= Methodist Union =

1932 merger of Methodist denominations in the United Kingdom

Timeline of Methodist connexions in Britain

Methodist Union was the joining together of several of the larger British Methodist denominations. These were the Wesleyan Methodists, the Primitive Methodists, and the United Methodists. The process involved many years of negotiation and discussion, as well as a vote by the members of each denomination to approve the union. In 1932 a Uniting Conference met on 20 September in the Royal Albert Hall, London. It adopted the Deed of Union as setting forth the basis of union and declaring and defining the constitution and doctrinal standards of the Methodist Church, and a new Model Deed was executed.

After 1932, the new united body was known simply as The Methodist Church. To distinguish this from Methodism in other countries (chiefly the United States), it is styled the Methodist Church of Great Britain.

==The various Methodist denominations==

The largest was the parent body, the Wesleyan Methodist Connexion, from which a number of offshoots had sprung.

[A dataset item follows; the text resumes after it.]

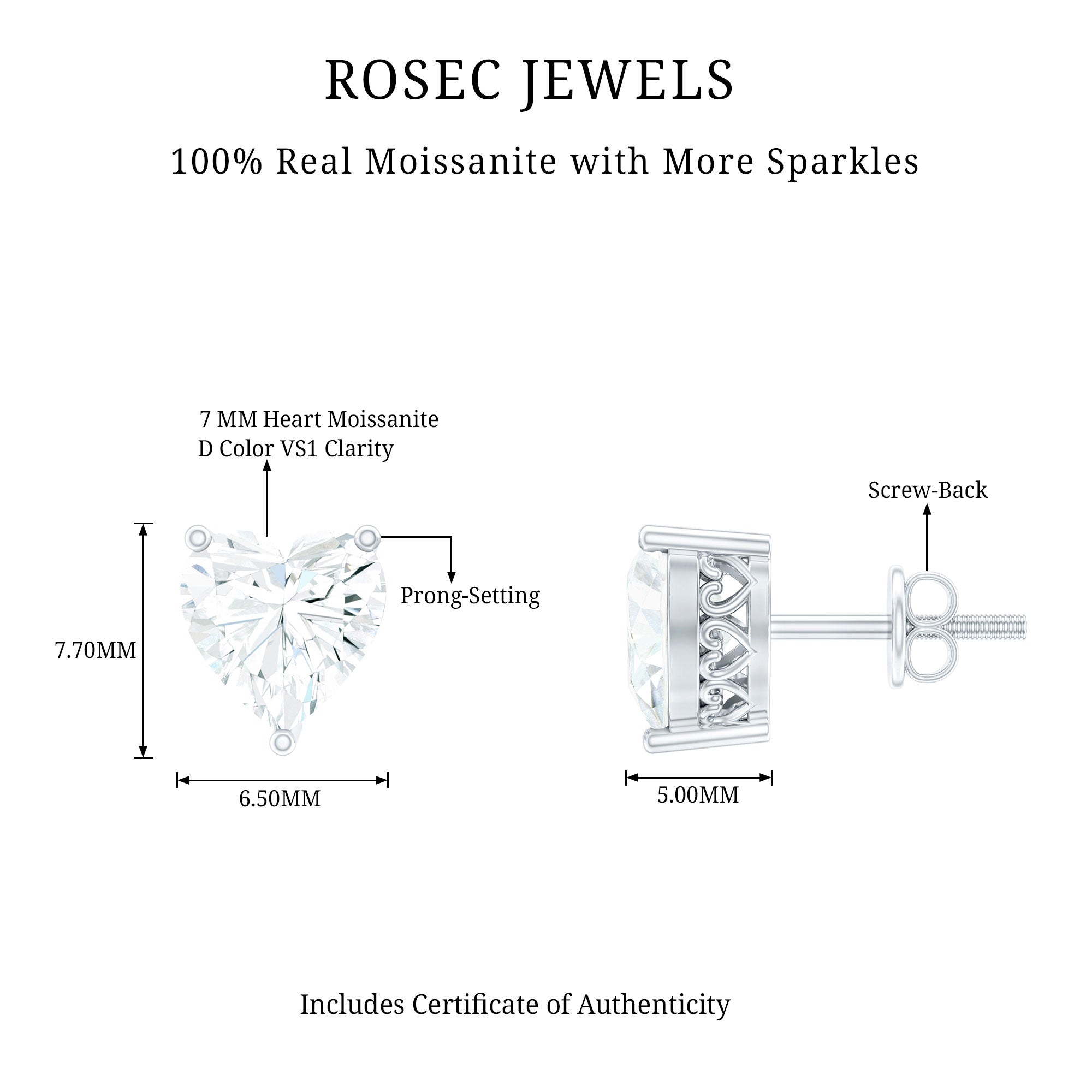 Sparkle and shine with these cute and pretty Certified Moissanite Stud Earrings. They feature 7 MM Heart Shape Moissanite in Prong Setting as Solitaire on Stud Earrings. Radiating a marvelous elegant appeal these Heart Stud Earrings are mesmerizing jewelry for the one close to your heart. Get ready to draw compliments with these that makes perfect for everyday wear or your evening date too. Even if you are among the ones who just love all things hearts then these Heart Studs make a great present for yourself.

The Primitive Methodists were the second largest of these, having arisen in the first decade of the nineteenth century following the conversion of Hugh Bourne and a number of others in Staffordshire to the north of Stoke on Trent. They had sought to recover the early faith and practice of John Wesley at a time when the Wesleyans were hoping to become more respectable. Their return to Wesley's open-air preaching, notably in the form of camp meetings, did not suit the Wesleyans at that time, and Bourne was put out of membership along with several of his companions. Continuing their evangelism, they began the new group, a "connexion" in Methodist terminology, in 1811, taking the name Primitive Methodists in 1812.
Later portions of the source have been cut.